A GPS can tell you where you are

"...your GPS can tell you where you are, where you want to be, where you don't want to be, and where you've been."

GPS navigation has revolutionized the art of getting from point A to point B. Whether you travel by car, by boat, or on foot, a good GPS is a BIG help. That said, even if you use a GPS, you should still have back-up navigation skills. GPSs aren't always reliable. Yours could fail you just when you need it most, so be able to navigate without it.

Plus, there's a learning curve involved when it comes to using a GPS. You'll need to put in some time, but if you're fairly computer savvy, that learning curve isn't so steep.

GPS Basics

A GPS is nothing more than a radio receiver and a computer combined. Actually, the proper name for the instrument you use to navigate with is a "Global Positioning System receiver."
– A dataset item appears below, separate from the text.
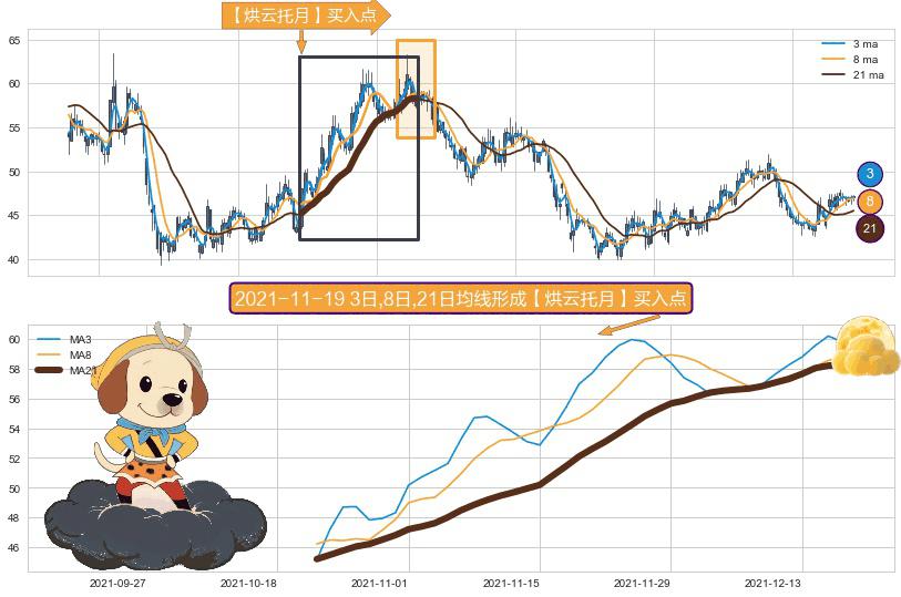 形态多维评估: ⚀ 2021-10-21日-2021-12-17日显现 3日-8日-21日均线 【烘云托月】买入点 看多信号,后市看涨,买入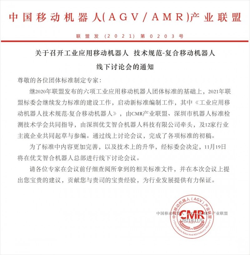 关于召开《工业应用移动机器人 技术规范-复合移动机器人》线下讨论会的通知

The receiver picks up radio signals from the Global Positioning System constellation of 24 satellites constantly orbiting the earth. The receiver then simultaneously uses signals from 3 or 4 of these satellites to triangulate your position on earth. Further, the GPS receiver can track the direction and speed of your movement. The GPS's computer part takes the raw data and lets you do all sorts of useful things with it. Among other things, your GPS can tell you where you are, where you want to be, where you don't want to be, and where you've been.

To work, your receiver needs a clear view of the sky. It won't work in tunnels, in caves, in some canyons or valleys, deep inside buildings, or underwater.
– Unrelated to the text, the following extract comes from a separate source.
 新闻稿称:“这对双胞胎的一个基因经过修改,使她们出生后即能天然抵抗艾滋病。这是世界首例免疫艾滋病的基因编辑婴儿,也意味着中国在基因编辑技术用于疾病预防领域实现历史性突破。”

What's the best GPS for you?

People often ask me what type of GPS to buy. The answer depends on what you want to use a GPS for. Do you want to use GPS navigation in the car only, in a boat only, on foot only, or a combination of these? The best automotive GPS system won't likely be the best marine GPS or the best GPS for wilderness trekking. The information you want from an automotive GPS is different than what you want from a marine GPS system. And the requirements for a wilderness GPS are different still.
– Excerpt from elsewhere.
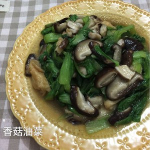锅内加油,加入香菇翻炒约一分钟。然后加入青菜、油面筋继续翻炒。然后加入蚝油、香油。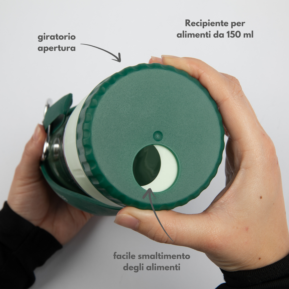 • Contenitore per snack integrato: 150 ml extra per cibo o snack, perfetto per piccole ricompense da portare con sé.

That said, a good handheld GPS on to which you can load maps will work in all three of these situations. But given an unlimited budget (hey, wouldn't that be nice?) I'd buy three GPSs--one for the car, one for the boat, and one trekking through the wilderness.

Let's now look specifically at some different types of GPS navigation systems:

Marine GPS

Car GPS System

Hand held GPS

Each type of GPS usage calls for different information. For example, the Marine GPS shows a nautical chart, a car GPS shows highways, and a hand-held often shows topo maps. Some hand-held GPSs, however, will often do double duty and show all of these.